“It is the journalists who make the market», real estate broker Angers (49) confides. “Ever since they read or heard that banks are lowering their rates, buyers keep coming back“, he rejoices. This is the case of Louis (41), who took the plunge and got a 25-year mortgage at less than 4%. “In a year or two, I think rates will come down enough. It will be time for me to renegotiate“, he says. Others like Sophie and Christophe, in their thirties, prefer to wait until “rates are falling even more“. With the risk that the competition will become even stronger. In short, the mood on the buyers’ side is mixed.
On the other hand, the banks are unanimous: the time has come to acquire new customers. “Banks have restored their margins and are looking to reopen the floodgates to potential investors and even rental investors. 10-year OAT – an indicator with which banks consult when setting their loan rates – fell back below 2.5%. Unheard of for over a year, at a time when banks were still lending at 2.2%. This of course leads to lower rates», explains Sandrine Allonier from Vousfinancer, a real estate loan broker. These are slight declines at the moment, but should be highlighted as they trigger a new cycle. “In December, a third of our banking partners reduced their ratespoints out Cécile Roquelaure, Studio Director at Empruntis. This is an excellent signal for a January recovery!»
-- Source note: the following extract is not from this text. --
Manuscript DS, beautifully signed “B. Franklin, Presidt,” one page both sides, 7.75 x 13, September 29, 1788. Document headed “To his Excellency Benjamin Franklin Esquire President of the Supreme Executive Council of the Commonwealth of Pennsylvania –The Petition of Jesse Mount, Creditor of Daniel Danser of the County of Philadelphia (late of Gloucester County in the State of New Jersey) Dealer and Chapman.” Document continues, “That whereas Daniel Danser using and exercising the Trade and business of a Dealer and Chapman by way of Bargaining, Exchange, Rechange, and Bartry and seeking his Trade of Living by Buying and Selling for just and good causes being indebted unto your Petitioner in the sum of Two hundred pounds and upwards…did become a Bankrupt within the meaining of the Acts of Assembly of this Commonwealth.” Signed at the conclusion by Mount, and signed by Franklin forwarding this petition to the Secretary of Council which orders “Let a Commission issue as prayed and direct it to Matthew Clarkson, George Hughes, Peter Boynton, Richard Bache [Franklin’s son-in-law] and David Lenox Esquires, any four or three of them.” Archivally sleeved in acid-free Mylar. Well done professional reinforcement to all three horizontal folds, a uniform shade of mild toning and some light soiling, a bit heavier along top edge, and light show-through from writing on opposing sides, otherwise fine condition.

Three drops per month in SG
In one month, Société Générale reduced rates (excluding insurance and fees) from 4.35% to 3.95% over 20 years for the best profiles (more than 8,000 euros per month for two). Which corresponds to roughly forty euros less per month for repaying the bank for a loan of 200,000 euros. Not to mention the additional discount that borrowers can get. Because this rate of 3.95% is understood before the negotiation. For less affluent households, you will probably have to wait until next summer. They currently have to borrow for less than 20 years to get the lower 4% rate.
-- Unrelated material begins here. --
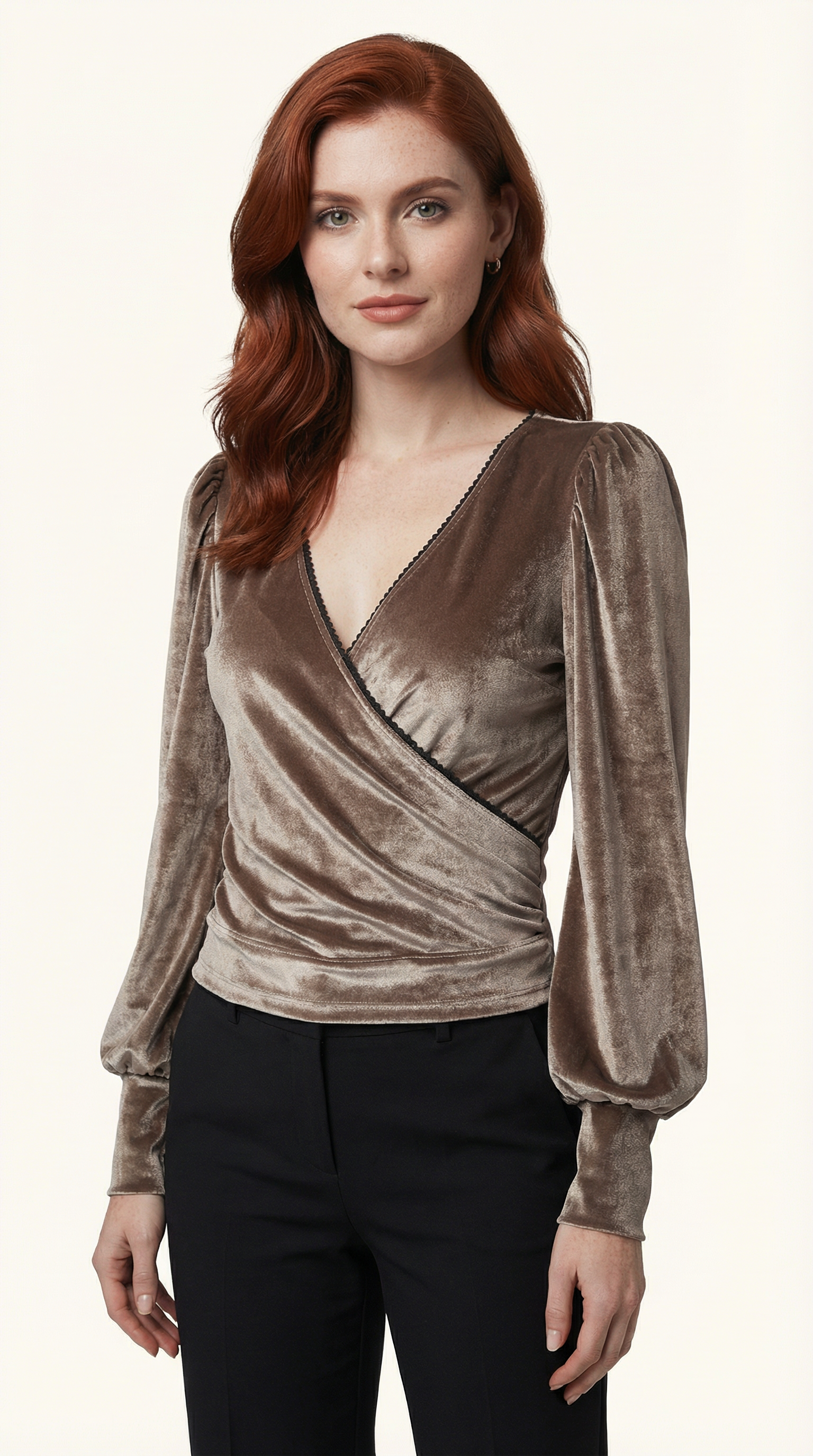 משהו בין חולצת מעטפת קטיפתית לבין עליונית חגיגית שתרים לך כל לוק

However, the easing of mortgage rates is ongoing. “The big national banks are starting to initiate cuts of 0.2 or 0.3 points», says Maël Bernier of Meilleurtaux, a real estate agent. Whether others will follow suit remains to be seen. “Banks will agree to give small rate cuts to stimulate demand, but not significant cuts, at least before the summer, so as not to squeeze their margins.», deciphers Sandrine Allonier, who confirms that banks want to increase the production of real estate loans by 10% in 2024. Excessive rate cuts could also push prices back up – a scenario the French believe in – by boosting demand. Such an outburst would not be welcome in a market that is trying to turn things around at the end of the year. A priori, this does not seem possible: the trend is more towards a decline – undoubtedly moderate for the time being – in real estate prices, which should accelerate in 2024. Good news for households, who can count on wage growth next year.